To confirm DIO’s role in mitigating STZ-induced chronic inflammation, we assessed intestinal inflammation and barrier function in DN rats. H&E staining was employed to assess intestinal tissue pathology. Within the colons of STZ-diabetic rat, there was a noted presence of irregular villi and increased goblet cell counts, effects that were mitigated by DIO administration (refer to Figure 5). Furthermore, the impairment of intestinal barrier function in diabetic nephropathy (DN) rodents was validated via staining for occluding junctional proteins claudin-1 and ZO-1. A decrease in the levels of these occluding junctional proteins, claudin-1 and ZO-1, was observed in DN rodents when contrasted with healthy controls.
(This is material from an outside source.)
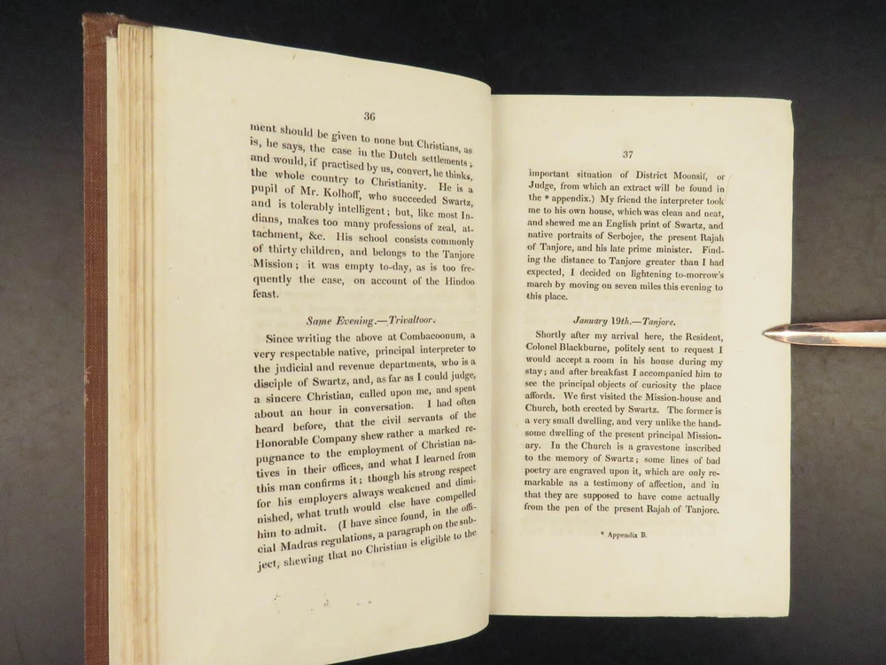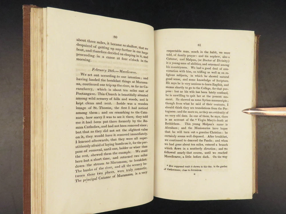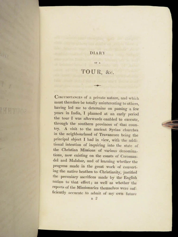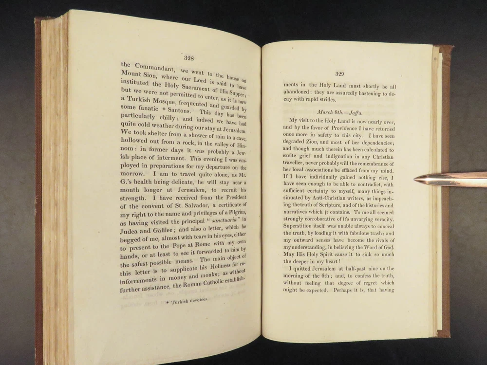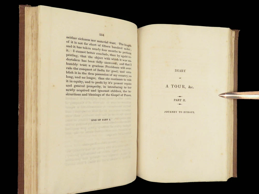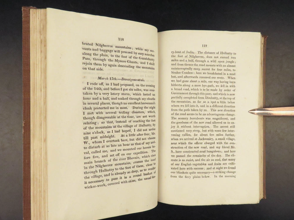 1823 Diary of Tour in EGYPT South INDIA Palestine MAPS Voyages Digby Mackworth Digby Mackworth’s “ Diary of a Tour ” was the English military officer’s travelogue of his voyages in India, Egypt, and Palestine. This journal offers a first hand, yet accurate account of Egypt, Southern India and the Middle East as it was during the early part of the 19 th -century. Mackworth includes impressive illustrations of the things he encountered – bridges, desert homes, and landscapes. Though, without question, the most desirable aspect of this work is the highly coveted folding maps of Southern India and Egypt near the Red Sea. Item number: #24601 Price: $499 MACKWORTH, Digby Diary of a tour through southern India, Egypt, and Palestine, in the years 1821 and 1822 London: Printed for Messrs. J. Hatchard and Son, 1823. 1 st edition Details : · Collation: Complete with all pages o [8], 372 o 2 folding maps o 2 engraved plates · Provenance: Handwritten – [ Valeri Siddall ] · Language: English · Binding: Leather; tight and secure · Size : ~9in X 5.75in (22.5cm x 14.5cm) Our Guarantee: Very Fast. Very Safe. Free Shipping Worldwide. Customer satisfaction is our priority! Notify us with 7 days of receiving, and we will offer a full refund without reservation! 24601

Notably, DIO treatment significantly restored the expression of these proteins in the DN rats (Figure 5). These findings suggest that DIO may protect against gut barrier dysfunction, mucosal inflammation, and endotoxemia.

Figure 5

Figure 5. DIO suppressed colon inflammation and improved gut barrier. Representative photomicrographs of HE-stained small intestine sections and photomicrographs of immunofluorescence for Claudlin-1 and ZO-1 at ×200 magnification.
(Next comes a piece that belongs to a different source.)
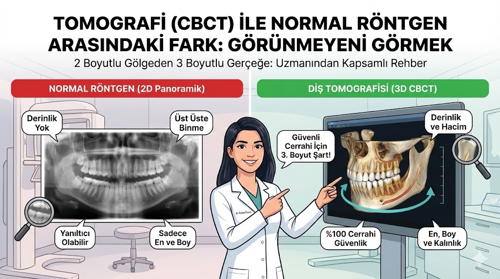 Bu kapsamlı rehberde, Şişli Diş Hekimi Dt. Özlem Özcan olarak, normal röntgenin neden bazen yetersiz kaldığını, 3 boyutlu tomografinin (CBCT) cerrahi riskleri nasıl ortadan kaldırdığını ve bu iki teknoloji arasındaki hayati farkları en anlaşılır haliyle masaya yatırıyoruz.

3.7 DIO treatment altered the gut microbiota in DN rat

Diversity metrics, encompassing rarefaction and rank-abundance graphs, gauged the sufficiency of sequence depth to represent the variety within microbial communities. A coverage rate surpassing 99% across all interventions confirmed the sufficiency of sequence data for comprehensive analysis. DIO rats exhibited significantly higher ACE index and improved Chao index versus DN rats (Figures 6A,B), indicating enhanced rectal bacterial richness and diversity. Most samples reached a plateau, consistent with the rank abundance curve (Figures 6C,D) Following DIO administration, the Chao1 and ACE indices rose compared to the control group. The beta diversity assessment, conducted through Principal Coordinate Analysis (PCoA), highlighted differences between the diabetic nephropathy cohort and the other groups. The introduction of DIO restructured the microbial community composition in rats to resemble that of healthy rats (Figures 6E–G).

Figure 6

Figure 6. DIO altered gut microbiota in DN rats. (A) ACE index. (B) Chao1 index. (C) Shannon index curve. (D) Rank abundance curve. (E–G) Weighted UniFrac PCoA (Principal coordinates analysis). (H) Relative abundance at phylum level. (I) Relative abundance at genus level. (J) Relative abundance of the significantly-altered bacteria at the genus level. Data are represented as means ± SD (n = 5). ^*P < 0.05, ^**P < 0.01 and ^***P < 0.001 indicated significant difference between compared groups.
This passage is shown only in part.